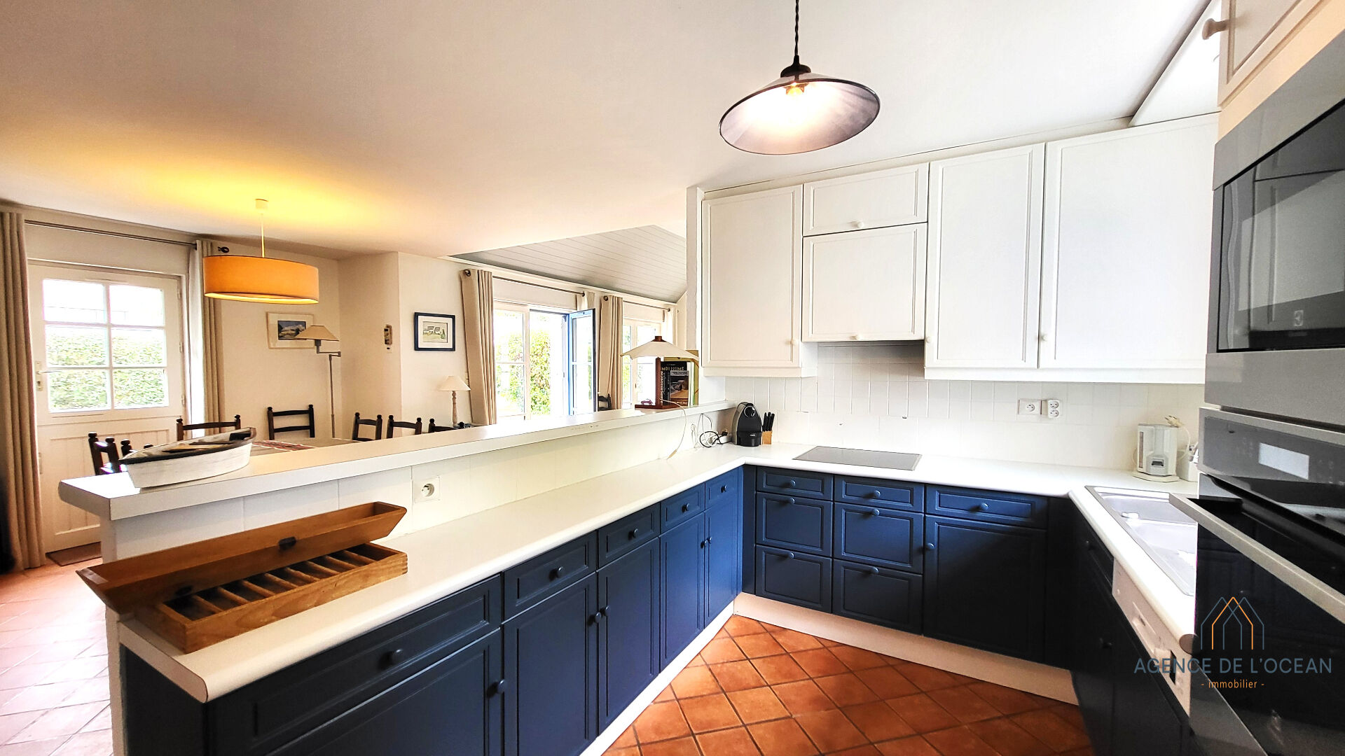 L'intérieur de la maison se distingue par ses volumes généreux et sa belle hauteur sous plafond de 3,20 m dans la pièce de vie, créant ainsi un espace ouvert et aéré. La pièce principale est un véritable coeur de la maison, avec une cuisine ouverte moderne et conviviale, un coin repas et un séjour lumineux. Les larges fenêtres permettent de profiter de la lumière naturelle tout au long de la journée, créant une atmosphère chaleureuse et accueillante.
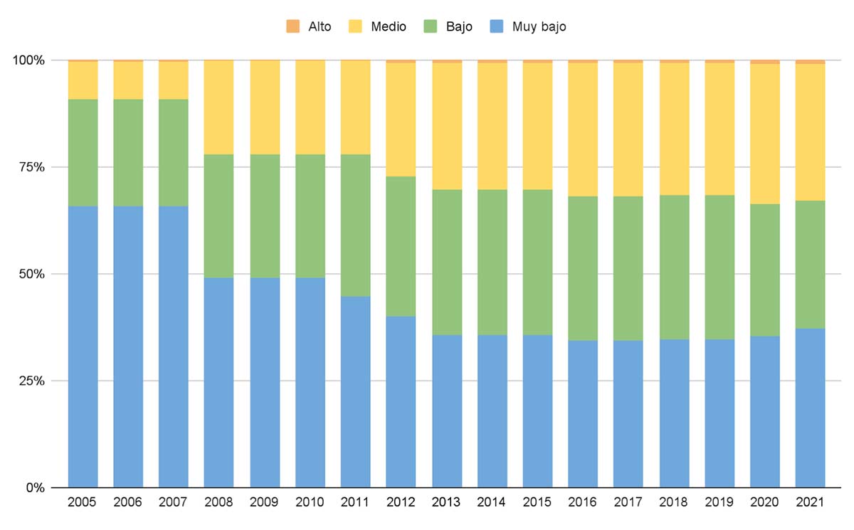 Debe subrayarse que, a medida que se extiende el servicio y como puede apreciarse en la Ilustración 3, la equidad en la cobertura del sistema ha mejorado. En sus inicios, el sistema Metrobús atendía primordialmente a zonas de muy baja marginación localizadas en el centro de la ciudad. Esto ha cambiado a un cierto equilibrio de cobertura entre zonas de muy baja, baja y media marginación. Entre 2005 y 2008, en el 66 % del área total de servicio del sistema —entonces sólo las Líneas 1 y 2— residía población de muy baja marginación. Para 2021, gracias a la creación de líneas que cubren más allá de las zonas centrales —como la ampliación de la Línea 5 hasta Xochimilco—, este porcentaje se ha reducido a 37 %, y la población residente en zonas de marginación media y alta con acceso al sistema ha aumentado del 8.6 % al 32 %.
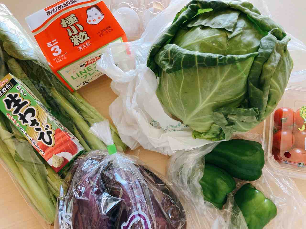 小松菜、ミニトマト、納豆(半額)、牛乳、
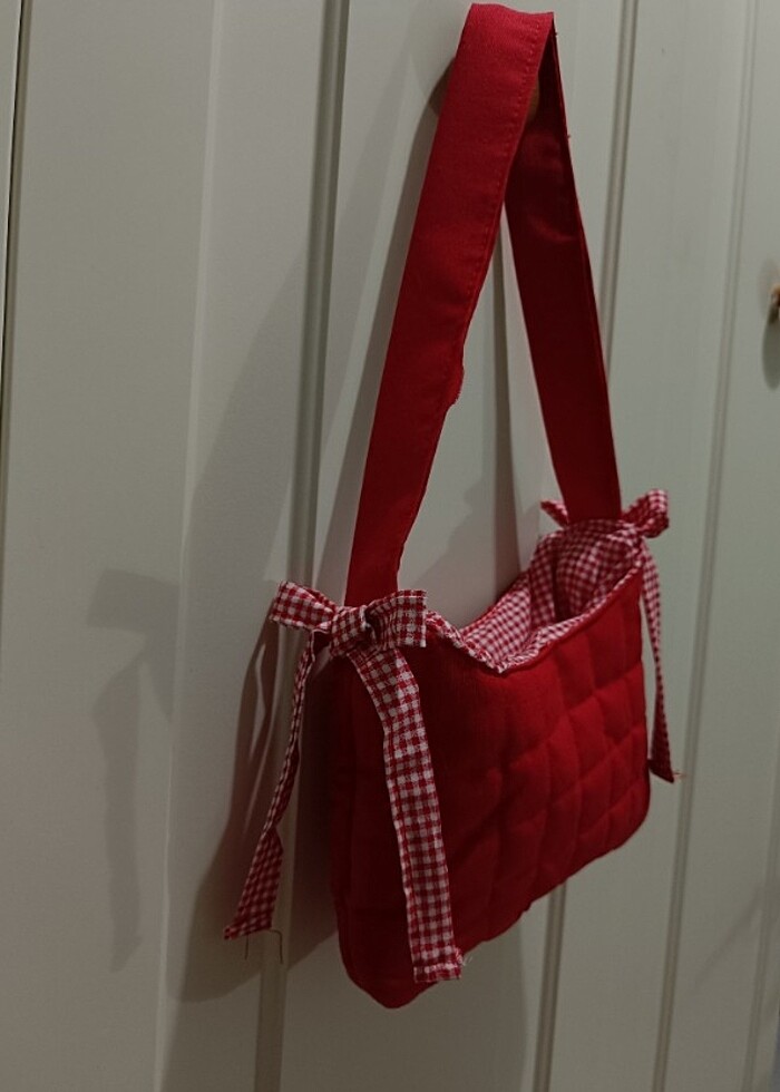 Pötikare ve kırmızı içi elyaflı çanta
...
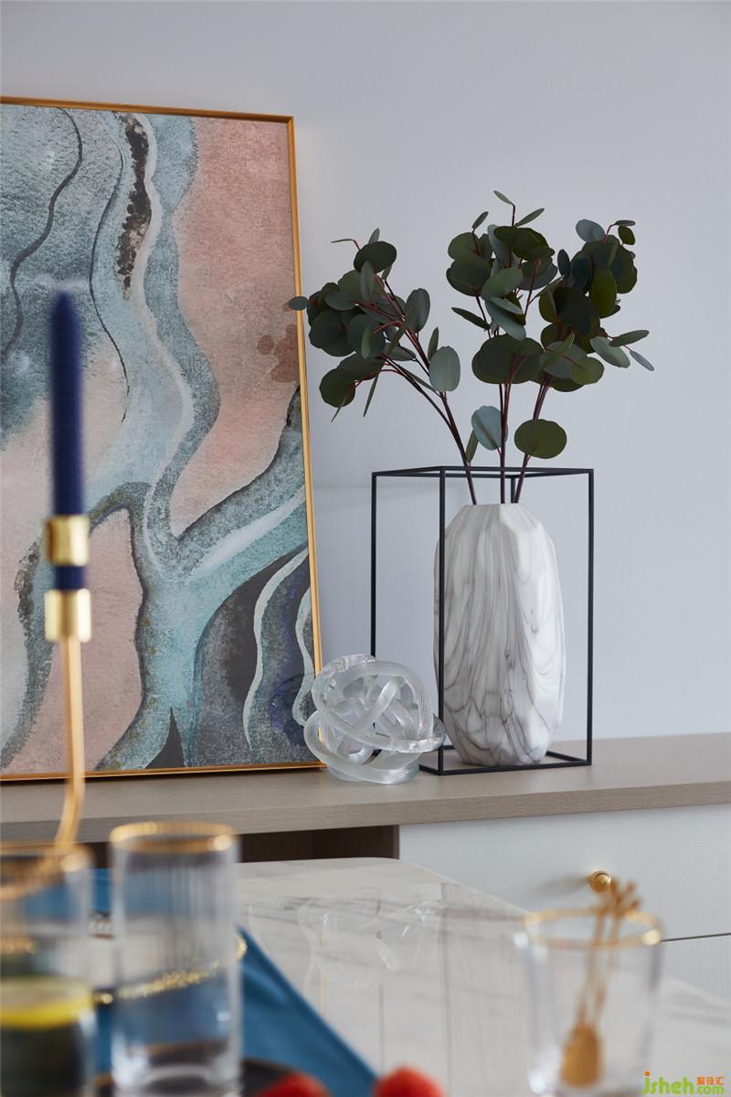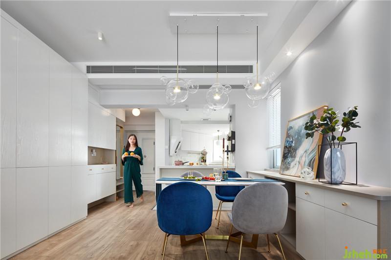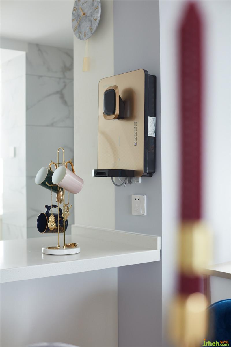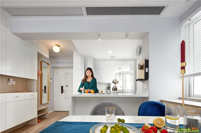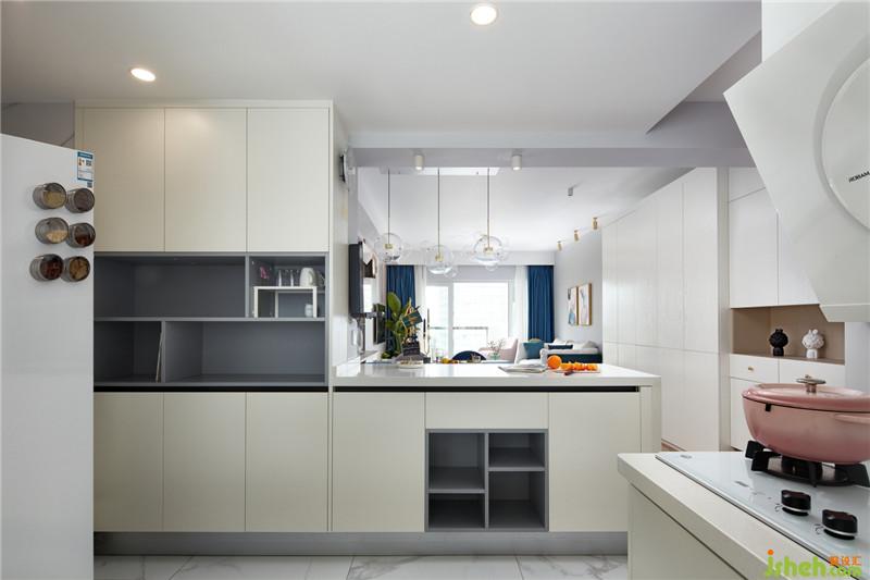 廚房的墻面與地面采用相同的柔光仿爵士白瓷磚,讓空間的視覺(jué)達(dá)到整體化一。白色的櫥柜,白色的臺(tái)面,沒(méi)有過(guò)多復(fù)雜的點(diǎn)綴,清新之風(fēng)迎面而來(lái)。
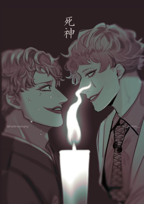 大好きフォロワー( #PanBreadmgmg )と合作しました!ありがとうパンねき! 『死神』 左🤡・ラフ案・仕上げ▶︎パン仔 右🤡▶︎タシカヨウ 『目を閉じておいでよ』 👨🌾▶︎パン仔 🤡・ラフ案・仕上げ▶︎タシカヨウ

Your assignment:
Make an exact copy of the lines above, beginning with the line with "Debe subrayarse que, a" and ending with the line with "Pötikare ve kırmızı içi elyaflı çanta", and keep the pictures out of it.

Answer to this exercise:
 Debe subrayarse que, a medida que se extiende el servicio y como puede apreciarse en la Ilustración 3, la equidad en la cobertura del sistema ha mejorado. En sus inicios, el sistema Metrobús atendía primordialmente a zonas de muy baja marginación localizadas en el centro de la ciudad. Esto ha cambiado a un cierto equilibrio de cobertura entre zonas de muy baja, baja y media marginación. Entre 2005 y 2008, en el 66 % del área total de servicio del sistema —entonces sólo las Líneas 1 y 2— residía población de muy baja marginación. Para 2021, gracias a la creación de líneas que cubren más allá de las zonas centrales —como la ampliación de la Línea 5 hasta Xochimilco—, este porcentaje se ha reducido a 37 %, y la población residente en zonas de marginación media y alta con acceso al sistema ha aumentado del 8.6 % al 32 %.
 小松菜、ミニトマト、納豆(半額)、牛乳、
 Pötikare ve kırmızı içi elyaflı çanta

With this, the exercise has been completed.